In a word, controversy. More oil will mean not only more drilling and platforms over the water but an expansion in the onshore infrastructure that supports extraction. As I argue in the book, the real environmental damage from the oil and gas industry comes from the onshore facilities.
In your book, you discussed the growth coast, with houses, hotels, and condominium towers replacing vital natural vegetation in less than two decades. It has become a controversial topic of how can we balance environmental protection and economic growth. Could you please share your thoughts on this topic?
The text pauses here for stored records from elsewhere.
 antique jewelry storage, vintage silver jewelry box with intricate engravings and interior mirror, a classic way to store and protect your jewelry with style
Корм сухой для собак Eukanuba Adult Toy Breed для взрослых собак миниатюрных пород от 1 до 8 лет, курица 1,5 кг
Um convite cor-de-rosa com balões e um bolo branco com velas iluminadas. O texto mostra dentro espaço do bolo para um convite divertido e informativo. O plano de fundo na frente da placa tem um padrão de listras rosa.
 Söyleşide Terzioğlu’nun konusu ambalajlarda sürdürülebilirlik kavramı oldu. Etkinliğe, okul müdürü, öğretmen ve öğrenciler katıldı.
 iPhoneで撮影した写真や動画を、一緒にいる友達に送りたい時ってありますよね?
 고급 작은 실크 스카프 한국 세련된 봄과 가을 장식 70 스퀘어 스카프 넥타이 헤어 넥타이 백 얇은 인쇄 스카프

We know how to achieve that balance; we just don’t give it much priority. As a common practice, the Gulf states and others connected to the Gulf by rivers dumped raw sewage into the bays and bayous of the Gulf until the 1970s and the Clean Water Act. We nearly killed many of those bays, wiped out the greater majority of their seagrass beds—vital to healthy productive estuaries.
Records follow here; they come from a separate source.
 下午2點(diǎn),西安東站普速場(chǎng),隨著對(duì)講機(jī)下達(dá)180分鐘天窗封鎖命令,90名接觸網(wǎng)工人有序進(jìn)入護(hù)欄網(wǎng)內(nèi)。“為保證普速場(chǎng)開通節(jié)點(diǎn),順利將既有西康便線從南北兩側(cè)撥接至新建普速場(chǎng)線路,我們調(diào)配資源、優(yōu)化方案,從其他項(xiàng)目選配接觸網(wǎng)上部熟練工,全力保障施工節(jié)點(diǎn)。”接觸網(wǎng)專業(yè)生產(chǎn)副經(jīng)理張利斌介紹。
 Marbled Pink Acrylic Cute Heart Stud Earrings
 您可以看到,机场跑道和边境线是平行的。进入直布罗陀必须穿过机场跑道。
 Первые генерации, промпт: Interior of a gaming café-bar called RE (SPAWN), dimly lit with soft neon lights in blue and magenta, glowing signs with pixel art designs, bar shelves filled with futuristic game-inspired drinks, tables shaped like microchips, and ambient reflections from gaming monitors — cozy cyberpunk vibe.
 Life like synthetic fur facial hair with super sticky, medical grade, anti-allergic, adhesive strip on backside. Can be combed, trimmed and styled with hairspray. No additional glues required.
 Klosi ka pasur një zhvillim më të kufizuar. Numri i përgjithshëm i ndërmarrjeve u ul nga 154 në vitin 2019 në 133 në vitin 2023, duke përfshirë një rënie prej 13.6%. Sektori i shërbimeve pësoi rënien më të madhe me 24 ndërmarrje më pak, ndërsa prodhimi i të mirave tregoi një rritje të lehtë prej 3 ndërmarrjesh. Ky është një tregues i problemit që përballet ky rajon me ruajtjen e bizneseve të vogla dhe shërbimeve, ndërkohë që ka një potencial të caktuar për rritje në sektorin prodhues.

When we stopped and cleaned up these waters, they came back to life. More people live on these waters today, but nearly all are healthier than when fewer people lived beside them. Bird life I never saw as a kid, including the bald eagle, returned to Gulf shores because sea life was thriving again. We could roll back the Gulf of Mexico dead zone quite easily if we stopped sending agricultural effluent down the Mississippi River. We have learned to protect mangroves and coastal mashes and recognized the benefits to ourselves when we do.
What we lack is the political will to be smart about living with nature by not polluting it, not managing it, not altering it, not re-engineering it, not putting concrete and asphalt where the living shoreline should exist.